Pumpkin Soup

This is what one of yesterday's pumpkins got turned into - yummy! I made up the recipe as I went along in the end - plenty of home grown garlic, onions, fresh herbs from the garden (there's a clue in the picture showing the main one used this time round), plus vegetable stock and black pepper to taste. It was simmered for 30 minutes and then whizzed together using my hand blender. Slurp - loverly.
NB you can also see a tantalising, shadowy glimpse of VP in this pic!


  1. Care to share the recipe - I have a pumpkin waiting for the slaughter!

  2. Well, I come from the make it up as you go along school of cookery when it comes to making soup. It's a lot of do xyz until it "looks right" and lots of tasting along the way. This approach works particularly well alongside having an allotment as we eat a lot of "allotment soup" at weekends i.e. whatever's in glut at the time.

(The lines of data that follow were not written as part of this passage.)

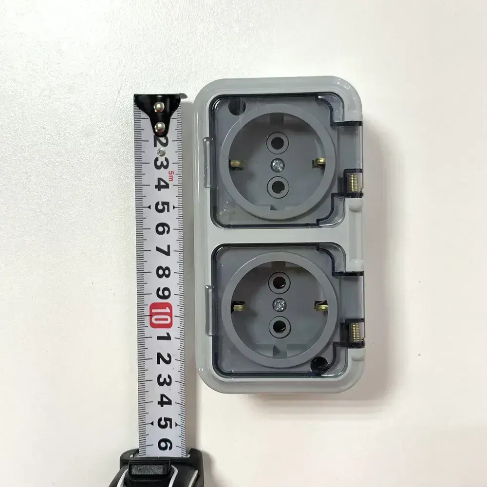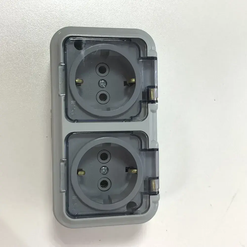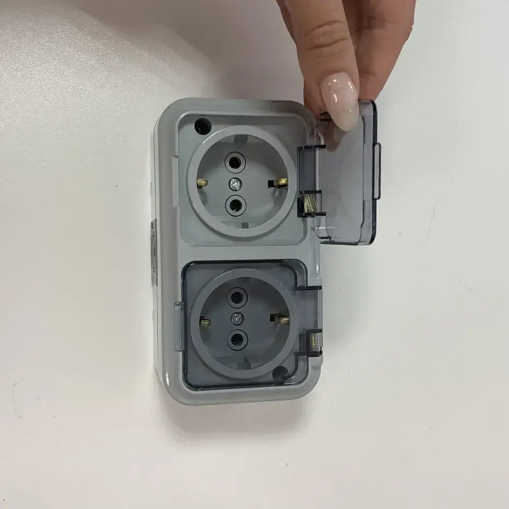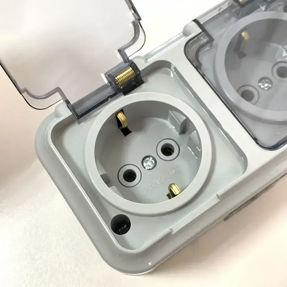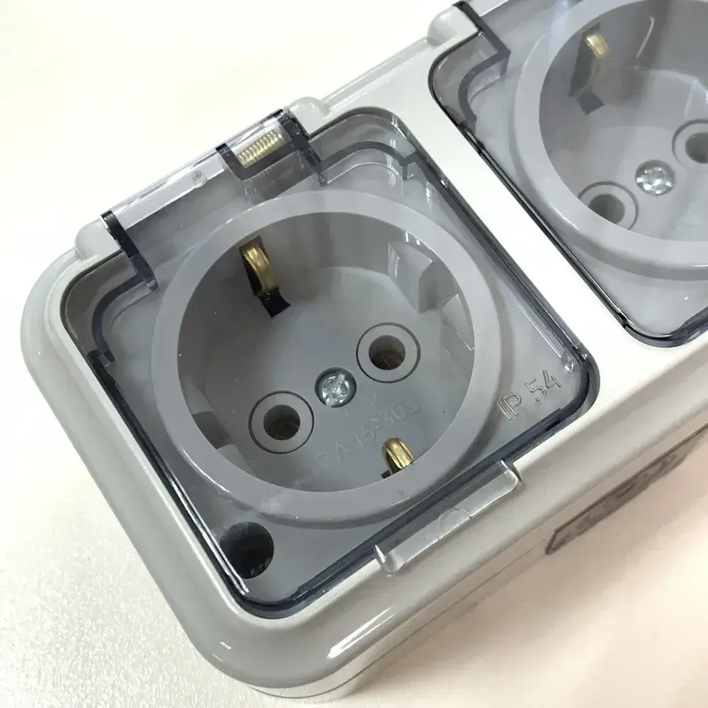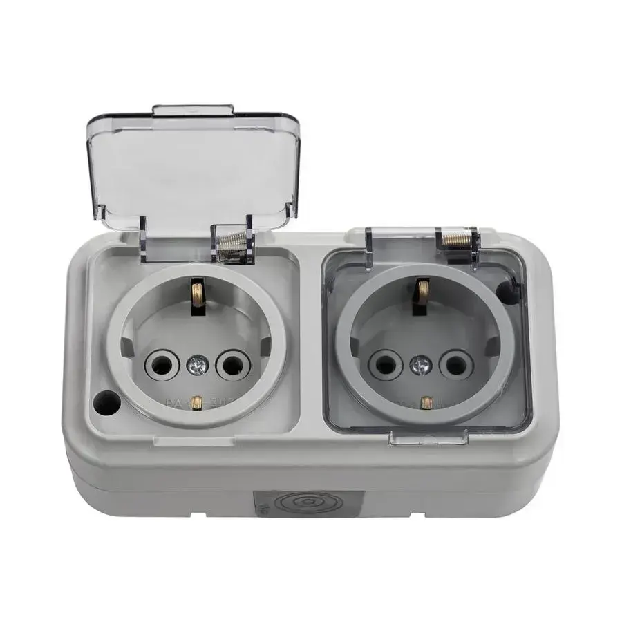 Розетка двухместная, уличная, влагозащищенная, открытой установки 16А, IP54 с заземлением, серия ПР, с прозрачной крышкой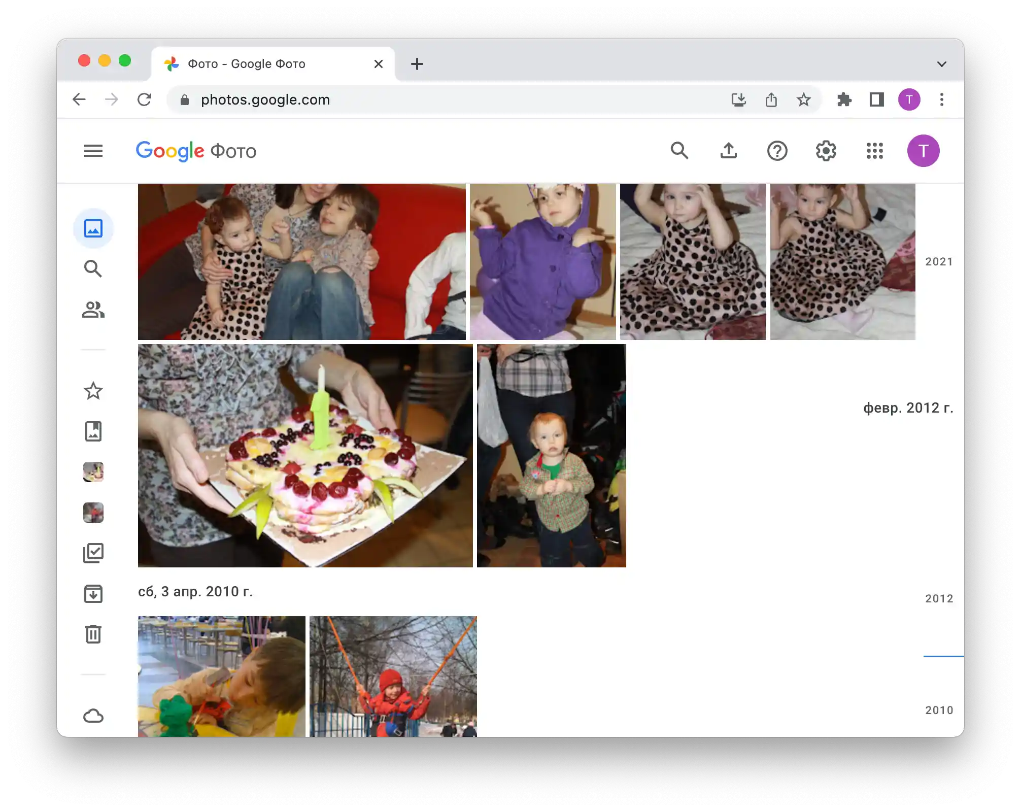 Поддерживается автоматическое добавление новых фоток с телефона, планшета и цифровых камер — просто подключите устройство к компьютеру, и готово. Также можно сделать так, чтобы все фото, которые присылают вам в Telegram, загружались в вашу коллекцию.
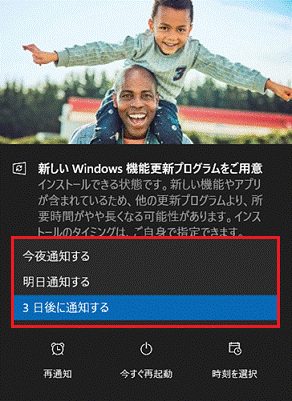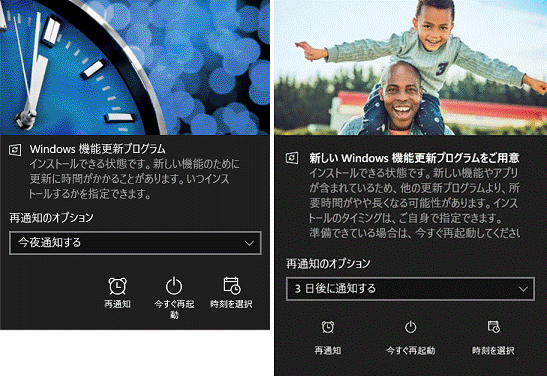 - Windows 10 Fall Creators Update(バージョン 1709)のインスールの準備が完了したときにも、この通知が表示されることがあります。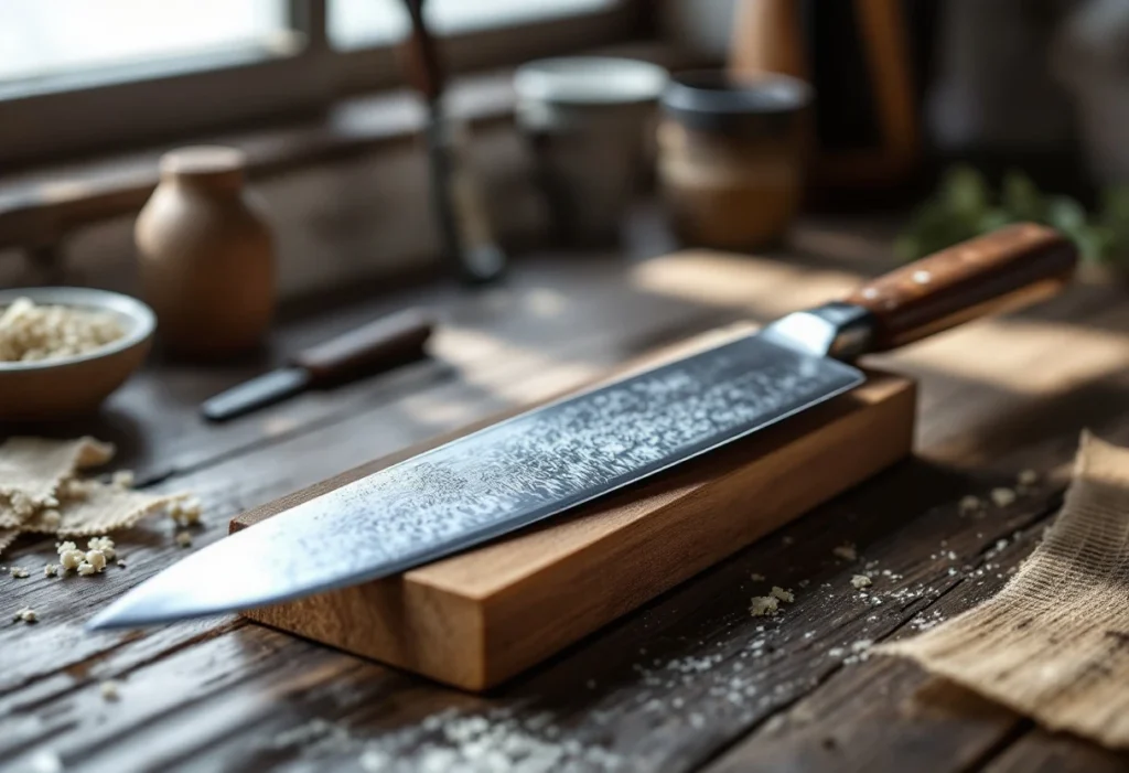 Le fusil à aiguiser traditionnel, longtemps apprécié pour les couteaux occidentaux, doit être utilisé avec prudence pour les lames asiatiques. Si certains modèles en céramique ou diamant respectent davantage la dureté élevée des aciers japonais, il demeure préférable de réserver cette méthode à l’entretien quotidien d’une lame à la géométrie robuste.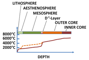 درجة حرارة الأرض مقابل العمق. المنحنى المتقطع: الحمل الحراري للوشاح متعدد الطبقات. المنحنى المتصل: الحمل الحراري للوشاح الكامل.[7]  |

    However, I'll try and some some detail to the outline sketched thus far. The pumpkins in the picture weighed about 2.5 pounds each (sorry for you metric minded UK readers out there, you'll have to convert this for yourself). I roasted it whole in a medium hot oven for 30 minutes until it was squishy - this is particularly important with Turks Turban as they are almost impossible to cut when raw. I then cut up the pumpkin, removing the skin and seeds, leaving nice big chunks of pure flesh for the soup.

    Meanwhile, I'd cut up a large onion, plus chopped, peeled garlic to taste - I'm leaving this bit variable as different people like different amounts of garlic, but at least 2 large cloves are needed. This all goes into a large pan on the stove. I then sweated these in a large glug of extra virgin olive oil until the mixture's soft and transparent. In goes a couple of pints of vegetable stock - I cheat here and use a stock cube - this also means you don't need to add any salt to the soup. Add the pumpkin, ground black pepper and herbs to taste and bring everything up to a rolling boil. Herbwise, I always use bay leaves (2-4 large ones to suit your taste), in the picture I'd also used about 2 tablespoons of fresh rosemary. On other ocassions I've used any combination of thyme, oregano, sage, rosemary - whatever is growing lushly in the garden at the time.

    Immediately the soup is on the boil, Cover and turn it down to a slow simmer for 30-40 minutes. Then blend to a smooth soup using a hand blender. If you like a spicier soup, leave the bay leaves in, otherwise hunt for them and fish them out! You don't need to thicken the soup in any way - if it's a bit on the thick side add a little more water and herbs. If it's the right consistency, but tastes a bit "thin", add more pepper and herbs. If it's a bit watery, simmer for a bit longer with the pan lid off until the soup's reduced to the right consistency. I sometimes grind up a tablespoon of coriander (cilantro) seed to add at this point to give a nice spicy, orangey variation to the taste.

    Serve with warmed bread and enjoy! A nice bread recipe is coming along in a future post.

    This should give you enough soup for 4-6 people, or for 2 weekend lunches for NAH and me!